Abandoned crayfish found in a park in Tenerife: ‘You can be fined 200,000 euros for this’
Several abandoned crayfish have been found in a park in Tenerife, by a volunteer of the Association for the Defence and Protection of Animals of the Canary Islands (ADEPAC Canarias).
After the discovery, in the Sanabria Park in Santa Cruz, the volunteer alerted the Neotropic Foundation, who went to the park to rescue the crayfish that had been left there by someone and were in danger by being outside their natural habitat.
However, they can also create big problems when in this situation as they aim to adapt to their surroundings. ADEPAC explained that the crayfish dig holes to protect themselves from the excess heat in summer, and then when winter comes, they come out again dragging all the vegetation with them eroding the sides of ravines, altering the natural environment.
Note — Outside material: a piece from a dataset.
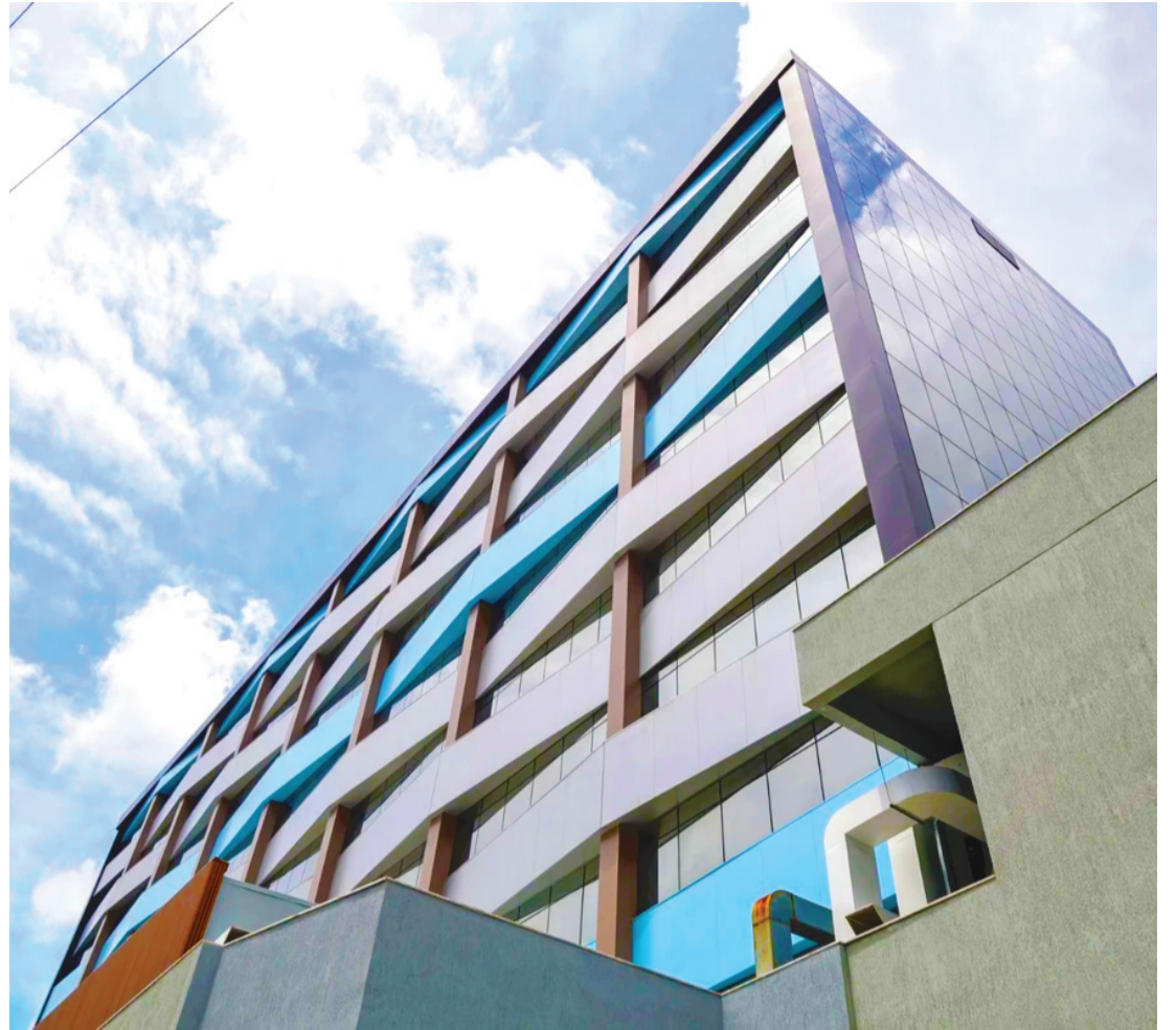
Maternidade e Hospital da Criança Deputado Alan Sanches terá nove pavimentos e 198 leitos

“Cada etapa é acompanhada com muito rigor técnico. Sabemos da importância desse equipamento para a cidade. Este não é apenas um prédio, é um investimento de mais de R$ 100 milhões em cuidado e proteção à vida, em assistência moderna, se-

In addition to this, each female crayfish can lay up to 500 eggs so their reproduction is amazingly fast and they take over any area that their habitat.
The abandonment of any animal is a serious crime in Spain and, specifically, that of an invasive exotic species such as these carries sanctions and fines ranging from 3,000 to 200,000 euros.
Crayfish originate from the United States and, therefore, have been introduced in the Canary Islands, and are considered to be an invasive exotic species. The natural habitat of these creatures is bodies of water that have little currents such as rivers, lakes, lagoons, ponds, and swamps. If these places have a very high level of contamination, they would not be able to survive.